4th First Lady of Zambia
- In role 2 November 2008 – 23 September 2011
- President: Rupiah Banda
- Preceded by: Maureen Mwanawasa
- Succeeded by: Christine Kaseba

Second Lady of Zambia
- In office 9 October 2006 – 2 November 2008
- Succeeded by: Ireen Kunda

Personal details
- Spouse: Rupiah Banda ​(died 2022)​
- Children: 2

= Thandiwe Banda =

First Lady of Zambia

Thandiwe Banda (born 1971/1972) is a Zambian political science teacher who served as the First Lady of Zambia from June 2008 until September 2011. Banda, who was in her 30s when she took over the position in 2008, was the youngest First Lady in Zambia's history. She was the second wife of former President Rupiah Banda until his death in March 2022.

==Biography==

Rupiah Banda's first wife, Hope Mwansa Makulu, died in 2000. He and his second wife, Thandiwe Banda, married during the 2000s, despite an age gap of nearly forty years. He was around 70 years at the time of their wedding, while she was in her 30s. Thandiwe and Rupiah Banda are the parents of twins, Temwani and Duniya, whose conception came as a surprise to both, according to an interview she gave with BBC Africa.

On 9 October 2006, Rupiah Banda was appointed as the Vice President of Zambia by President Levy Mwanawasa, making Thandiwe the Second Lady of Zambia. After Mwanawasa's death in August 2008, Banda was elected President in November 2008, making Thandiwe Banda the youngest First Lady in Zambia's history. During her tenure, Banda advocated for the creation of an official office for the First Lady with a government-funded budget to support her public duties and charities. She focused on women's issues, including healthcare and child care, during her tenure. Banda campaigned for stronger legislation to punish perpetrators of domestic and sexual violence.

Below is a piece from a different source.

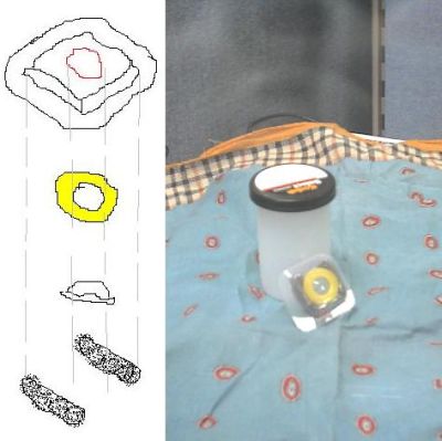 렌즈가 고정되기를 조금 기다린 뒤, 드롭프스에 렌즈크기보다 크고 노랑 플라스틱링의 바깥 둘레보다는 작은 구멍을 뚫은 뒤 역시 본드를 칠하고

She was also a proponent of the work of non-governmental organizations (NGOs) operating in Zambia.

On December 20, 2011, the government-run Times of Zambia newspaper published an article alleging that the government had seized several of Thandiwe Banda's properties, including a hotel in Malawi, worth billions of kwacha. Banda called the allegations false and demanded an apology and a retraction, which the newspaper initially refused. In January 2012, she filed a lawsuit for libel against the Times of Zambia and its editor-in-chief. In October 2012, the newspaper issued an apology and retracted the article, but the suit against the newspaper continued. Thandiwe Banda won her defamation suit against the Times of Zambia in May 2014. The court awarded Banda thousands of kwacha in damages as compensation.

Banda was diagnosed with breast cancer in 2014 and traveled to neighboring South Africa for medical care. She returned to Zambia on January 10, 2015, following several months of medical treatment.